Reference assembly and annotation of the Pyrenophora teres f. teres isolate 0-1

Authors: WYATT, NATHAN - North Dakota State University; BRUEGGEMAN, R - North Dakota State University; Friesen, Timothy

Submitted to: G3, Genes/Genomes/Genetics
Publication Type: Peer Reviewed Journal
Publication Acceptance Date: 11/20/2017
Publication Date: 1/1/2018
Citation: Wyatt, N.A., Brueggeman, R.S., Friesen, T.L. 2018. Reference assembly and annotation of the Pyrenophora teres f. teres isolate 0-1. G3, Genes/Genomes/Genetics. 8:1-8.

Interpretive Summary: The fungal pathogen Pyrenophora teres f. teres (P. teres f. teres) causes the destructive disease net form net blotch (NFNB) of barley. NFNB typically results in 10-40% losses, but can result in complete crop loss when susceptible barley cultivars are grown under cool wet conditions. A significant amount of research has been done to identify and characterize the genetics of resistance to this destructive pathogen in barley, but this resistance is often overcome by the pathogen. Little is known about how the pathogen causes disease in barley, yet this is critical to our understanding of not only the pathogen but also of how to overcome this disease through breeding for durable resistance. Therefore, we have developed tools to investigate the P. teres f. teres-barley interaction by focusing on the genetics of the pathogen. Here we present a reference quality genome sequence assembly of P. teres f. teres in which we have annotated the genes, making it possible to identify the pathogen genes that ultimately lead to economic losses for growers.
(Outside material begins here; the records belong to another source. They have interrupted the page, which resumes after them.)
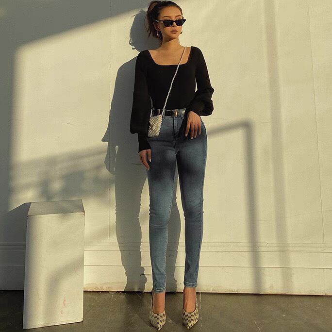 トレンドのクロップド丈が、腰高効果やスタイルアップ効果を演出します。
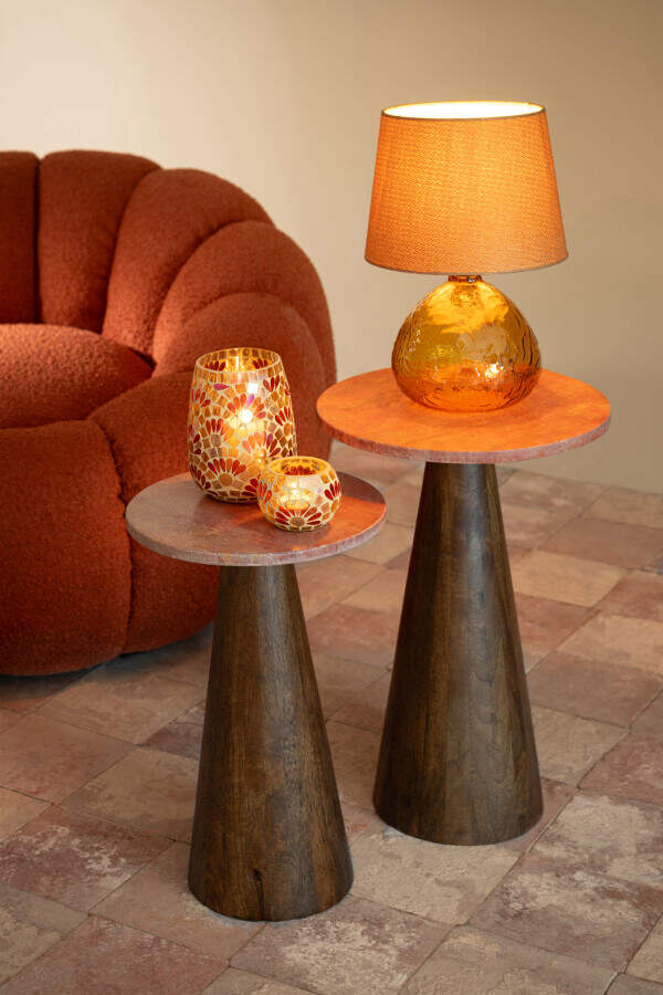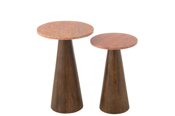 Ensemble de 2 tables d'appoint rondes en marbre Terracotta / Marron foncé 64154
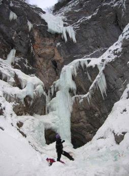 Als ich den ersten großen Schock überwunden hatte, dass es sich bei der Jungfrau aus Radmer um einen riesen Zapfen Eis handelte, verspürte ich jedoch schon wieder ein leichtes Zucken in den Unterarmen, und mir war sofort klar, dass es sich um ein eindeutiges Zeichen handelte: „Dieses Baby muss bestiegen werden!“ – Ich hatte zuvor noch nie einen so großen Zapfen Eis gesehen. Die Einzige, die ich zumindest aus der Ferne gesehen hatte, war die Eissäule am Wasserfallweg. Man kann sie von der Straße Hieflau Richtung Gstatterboden aus sehen. Von dort wirkt sie, als wäre sie nicht dicker und größer als eine Stecknadel.

Technical Abstract: Pyrenophora teres f. teres, the causal agent of net form net blotch (NFNB) of barley, has become a prevalent pathogen in barley growing regions of the world. Typical yield losses due to NFNB range from 10-40%, however, complete loss has been observed on susceptible barley lines where environmental conditions favor the pathogen. Currently genomic resources for this economically important pathogen are limited to a fragmented draft genome assembly and annotation with limited RNA support of the P. teres f. teres isolate 0-1. This research presents an updated 0-1 reference assembly facilitated by long read sequencing and scaffolding with the assistance of genetic linkage maps. Additionally, genome annotation was mediated by RNAseq analysis using three infection time points and a pure culture sample resulting in 11,541 high-confidence gene models. The 0-1 genome assembly and annotation presented here now contains the majority of the repetitive content of the genome. Analysis of the 0-1 genome revealed classic characteristics of a ‘two-speed’ genome, being compartmentalized into GC-equilibrated and AT-rich compartments. The assembly of repetitive AT-rich regions will be important for future investigation of genes known as effectors, which often reside in close proximity to repetitive regions. These effectors are responsible for manipulation of the host defense during infection. This updated P. teres f. teres isolate 0-1 reference genome and annotation provides a robust resource for the examination of the barley-P. teres f. teres host-pathogen co-evolution.